Uzbek mathematician and historian

Toshmuhammad Qori-Niyoziy (Uzbek Cyrillic: Тошмуҳаммад Ниёзович Қори-Ниёзий, Ташмухамед Ниязович Кары-Ниязов, Tashmukhamed Niyazovich Kary-Niyazov; — 17 March 1970) was an Uzbek mathematician and historian who served as the first president of the Academy of Sciences of the Uzbek SSR.

== Early life ==
Born in Khujand on to a shoemaker, he initially received schooling in a maktab, but attended for less than a year due to abuse from the teacher. His family went on to move to Skobelev (now Fergana), where he eventually attended a Russian school and graduated with excellent marks in the mid-1910s. (Note: Sources differ if he graduated in 1915 or 1916) In 1917, he became a teacher at a school he founded in Kokand, which quickly became a regional school. Initially having volunteered to serve as head of schools for the Skobelev district, he went on to serve as director of the Uzbek Pedagogical College in Kokand from 1920 to 1925. Several years later he graduated from the Faculty of Physics and Mathematics at Central Asian State University in Tashkent; he defended his thesis in Uzbek.

His wife Oishakhon, who he married in 1920 in a Muslim ceremony, was one of the first women teachers in the Uzbek SSR. She frequently advised him on his philology work, including the first Uzbek dictionaries that they worked on together.

== Career ==
Whilst a university student, he was tasked with teaching advanced math classes such as analytic geometry in the Uzbek language. After graduating he continued to teach university-level mathematics in the Uzbek language, becoming the first Uzbek to receive the title of professor in 1931. That year, he became a member of the Communist Party. From then to 1933 he served as a rector at the university, although he did not receive his doctorate of physics and mathematics until 1939. He then became the Deputy Chairman of the Committee of the Uzbek SSR for Science, Culture and Art, and worked on the transition of the Uzbek alphabet to a Cyrillic script. He also devoted a considerable amount of time to researching the history of Uzbekistan and historic academic works, with a special focus on astronomy and archaeology. As part of his research about early astronomy in what is present-day Uzbekistan, he had to read through numerous Arabic manuscripts. In addition to his academic work, he held various political offices, serving as a deputy in the Supreme Soviet of the USSR for the 1st and 2nd convocations. He also authored numerous textbooks and academic papers, including the first Uzbek-language math textbooks and papers about Uzbek culture and society.

== World War II ==
In June 1941, he led alongside Mikhail Gerasimov a scientific expedition to examine the tomb of Timur in Samarkand. According to local legend, an inscription on the tomb threatened to bring about a catastrophe to whoever opened it, and shortly after it was opened, Nazi Germany began invading the Soviet Union. After the remains were reburied with Muslim rites in 1942, some in Uzbekistan credited the Soviet victory in the Battle of Stalingrad to the reburial.

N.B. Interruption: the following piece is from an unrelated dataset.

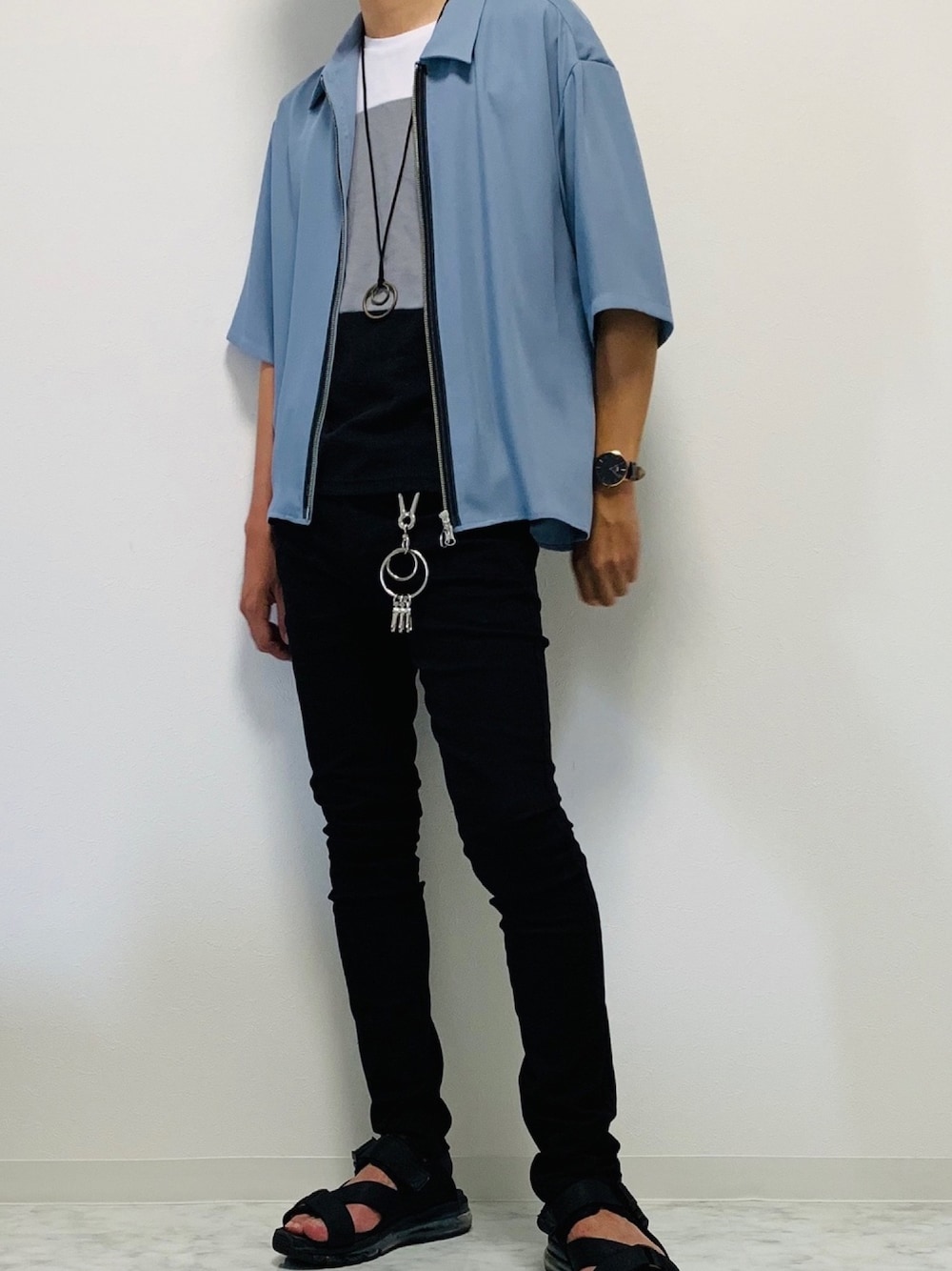 ♣️YUYA♣️のシャツ/ブラウス「【STUDIOUS】ビッグシルエットアクセントジップハーフスリーブシャツ【ZOZO限定アイテム】」を使ったコーディネート

After the German invasion of the Soviet Union, his only son Shavkat applied to go to the frontlines with the Red Army. Being skilled in mathematics like his father, he was chosen for artillery school. After surviving the war, Shavkat went on to graduate from the F.E. Dzerzhinky Military Academy and follow in his father's footsteps with a career in mathematics, but specialized in ballistics and rocket technology.

When the Academy of Sciences of the Uzbek SSR was established in 1943, Qori-Niyazov was made its first president and held the post until 1947.

== Postwar ==
In 1946 Qori-Niyoziy became a professor at the Tashkent Institute of Engineers and Agricultural Mechanization. For his paper "Ulugbek's Astronomical School" he was awarded the Stalin Prize. In 1954 he became a member of the International Astronomical Union, in 1967 he became a corresponding member of the International Academy of the History of Science, and that same year on 1 September he was awarded the title Hero of Socialist Labour for his work promoting academics in the Uzbek SSR. His work included serving as editor-in-chief of the Uzbek science magazine Fan va turmush and deputy chairman of the board for preserving historic and cultural monuments of Uzbekistan. During the course of his work, he travelled to various foreign countries including Afghanistan, Bulgaria, India, Italy, and Japan. He died on 17 March 1970 and was buried in the Chigatoy Cemetery.

== Awards and honors ==
- Honoured Scientist of the Uzbek SSR (1939)
- Three Orders of Lenin (4 November 1944, 1 March 1965, 1 September 1967)
- Three Orders of the Red Banner of Labour (23 January 1946, 16 January 1950, 27 October 1953)
- Stalin Prize 3rd class (1952)
- Hero of Socialist Labour (1 September 1967)
- Beruniy State Prize (1970)
- Order of Outstanding Merit (23 August 2002)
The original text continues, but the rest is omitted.